We advocate for the use of bortezomib (Velcade®) as a proteasome inhibitor (PI) and thalidomide (Thalomid®) or lenalidomide (Revlimid®) as immunomodulatory drugs (IMiD). PI-only treatment consists of bortezomib plus dexamethasone (Vel-dex), while IMiD-only treatment consists of either thalidomide plus dexamethasone (Thal-dex) or lenalidomide plus dexamethasone (Vel-dex).
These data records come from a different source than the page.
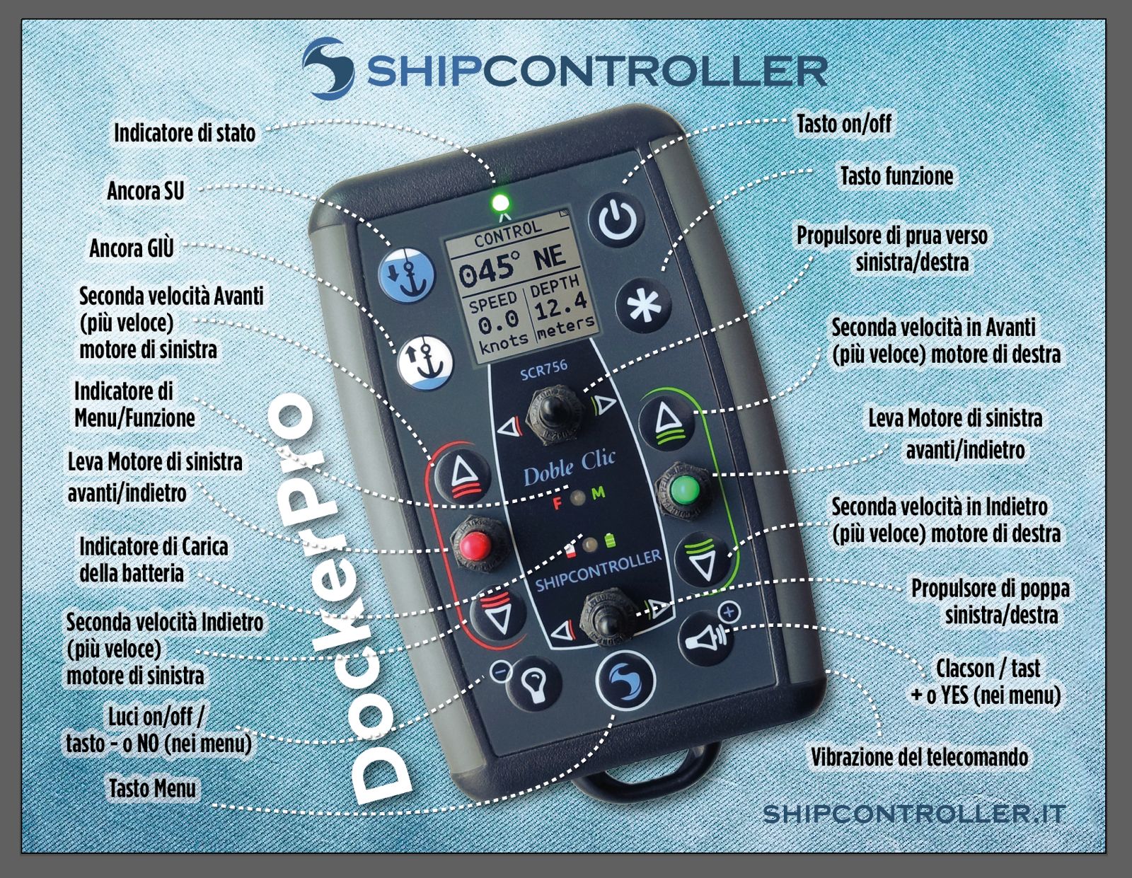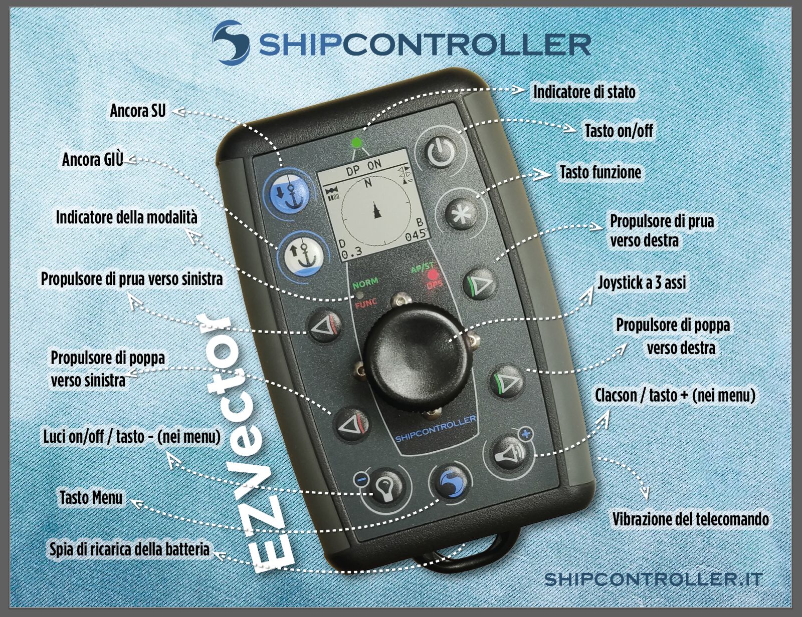I telecomandi Shipcontroller più avanzati sono dotati di un display grafico ibrido tecnologico con bassissimo consumo energetico e alta frequenza di aggiornamento. Le sue caratteristiche consentono visualizzazione delle informazioni senza fastidiosi problemi, estendendo la durata della batteria.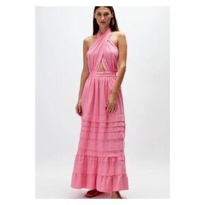 NEW RUE STIIC Sierra Backless Halter Maxi Dress Bright Pink XS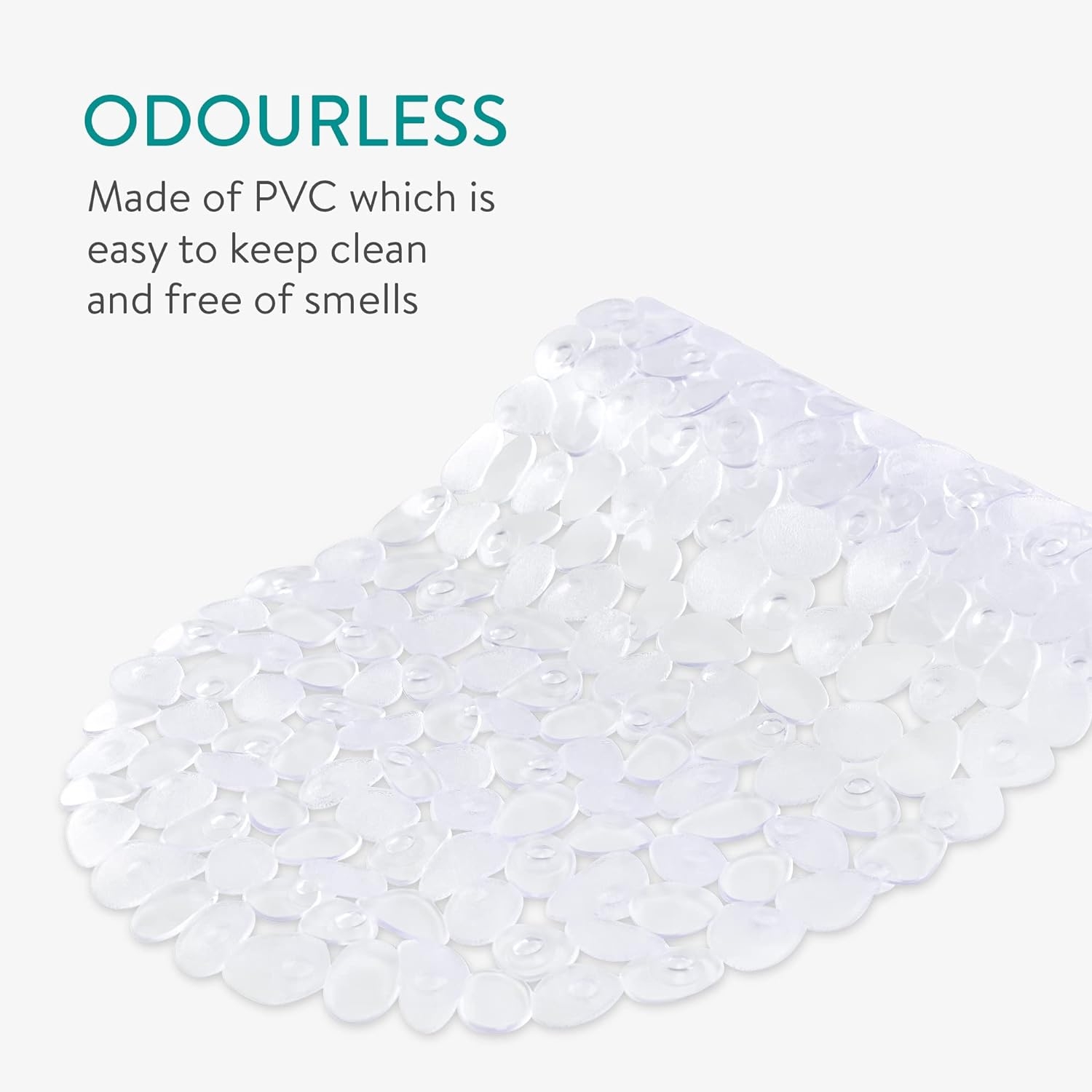 Αυτές οι ισχυρές βεντούζες παρέχουν σταθερό κράτημα, χάρη στον μοναδικό σχεδιασμό, ενώ το υλικό PVC αντιστέκεται στις οσμές και καθαρίζεται εύκολα, το πατάκι είναι επίσης μαλακό και εύκαμπτο, ενώ καλύπτει ολόκληρη την επιφάνεια της μπανιέρας σας, χάρη στις διαστάσεις 99 x 39 cm. Επίσης, οι ειδικές τρύπες που διαθέτει στραγγίζουν και απομακρύνουν το νερό εύκολα.

The PI plus IMiD combination comprises either bortezomib, thalidomide and dexamethasone (VTd) or bortezomib, lenalidomide and dexamethasone (VRd). A total of 52 (58.4%) patients were on a combination of PI and IMiD during induction treatment, while the numbers of patients on IMiD-only and PI-only treatment were 26 (29.2%) and 11 (12.4%), respectively.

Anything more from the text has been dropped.